TY - JOUR T1 - TIGRFAMs and Genome Properties in 2013. JF - Nucleic Acids Res Y1 - 2013 A1 - Haft, Daniel H A1 - Selengut, Jeremy D A1 - Richter, Roland A A1 - Harkins, Derek A1 - Basu, Malay K A1 - Beck, Erin KW - Databases, Protein KW - Genome, Archaeal KW - Genome, Bacterial KW - Genomics KW - Internet KW - Markov chains KW - Molecular Sequence Annotation KW - Proteins KW - sequence alignment AB -

TIGRFAMs, available online at http://www.jcvi.org/tigrfams is a database of protein family definitions.

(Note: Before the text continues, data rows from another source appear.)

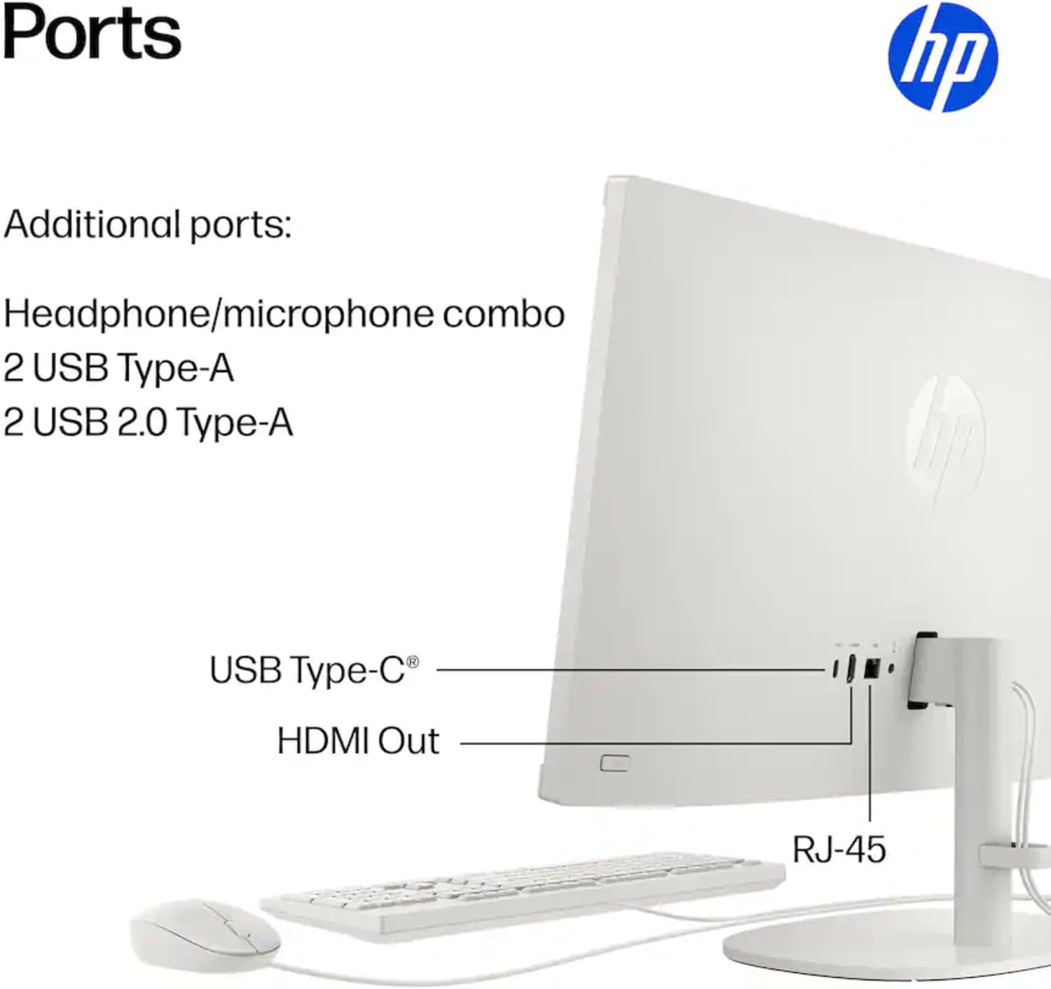 Ports 1x USB Type-C (5Gbps data transfer only) 2x USB Type-A (Hi-Speed) 1x USB Type-A (5Gbps) 1x headphone/microphone combo (3.5mm) 1x RJ-45 Ethernet 1x HDMI-out and built-in WiFi 6 & Bluetooth 5.3 for seamless connectivity.
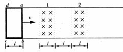 25.(19分)如图所示,在光滑绝缘的水平面上.有两个竖直向下的匀强磁场区域1、2 ,磁场的宽度和两个区域之间的距离均为l ,磁感应强度均为B0。一矩形金属线圈其ab边长为2l ,bc边长与磁场宽度相等,也为l 。它以初速度v=10v0进入第一个磁场区域,已知cd 边离开第一个磁场区域时速度为9v0。求:
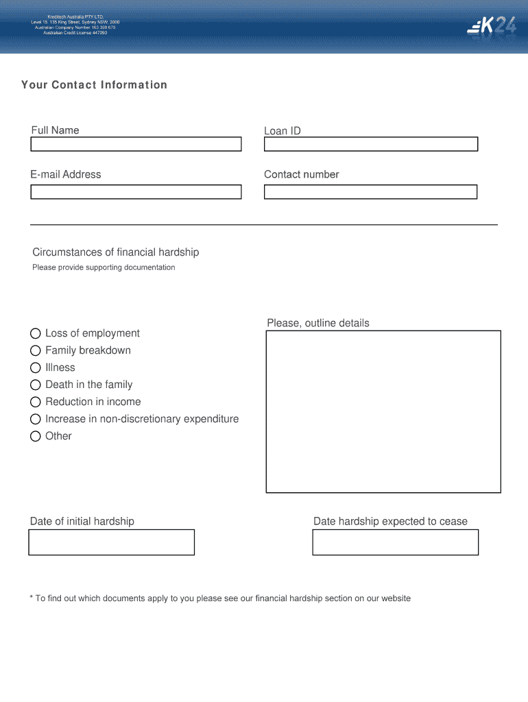 The Financial Hardship Application is designed to assist customers of Kreditech Australia who are experiencing financial difficulties that impact their ability to repay loans. This form is essential for individuals seeking temporary relief and flexibility in managing their financial commitments.
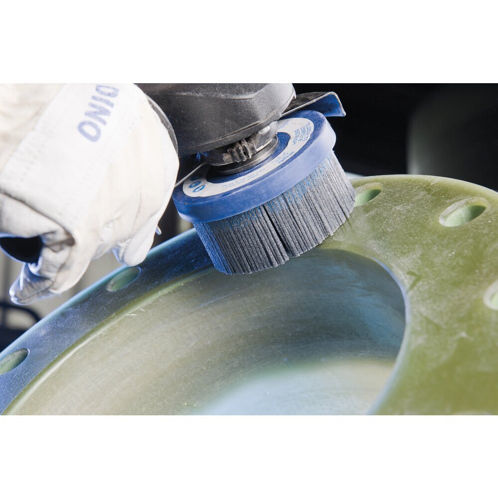- Tento štetec je vhodný na použitie na rýchlostne nastaviteľných uhlových brúskach.

Each entry features a seed alignment of trusted representative sequences, a hidden Markov model (HMM) built from that alignment, cutoff scores that let automated annotation pipelines decide which proteins are members, and annotations for transfer onto member proteins. Most TIGRFAMs models are designated equivalog, meaning they assign a specific name to proteins conserved in function from a common ancestral sequence. Models describing more functionally heterogeneous families are designated subfamily or domain, and assign less specific but more widely applicable annotations. The Genome Properties database, available at http://www.jcvi.org/genome-properties, specifies how computed evidence, including TIGRFAMs HMM results, should be used to judge whether an enzymatic pathway, a protein complex or another type of molecular subsystem is encoded in a genome. TIGRFAMs and Genome Properties content are developed in concert because subsystems reconstruction for large numbers of genomes guides selection of seed alignment sequences and cutoff values during protein family construction. Both databases specialize heavily in bacterial and archaeal subsystems. At present, 4284 models appear in TIGRFAMs, while 628 systems are described by Genome Properties. Content derives both from subsystem discovery work and from biocuration of the scientific literature.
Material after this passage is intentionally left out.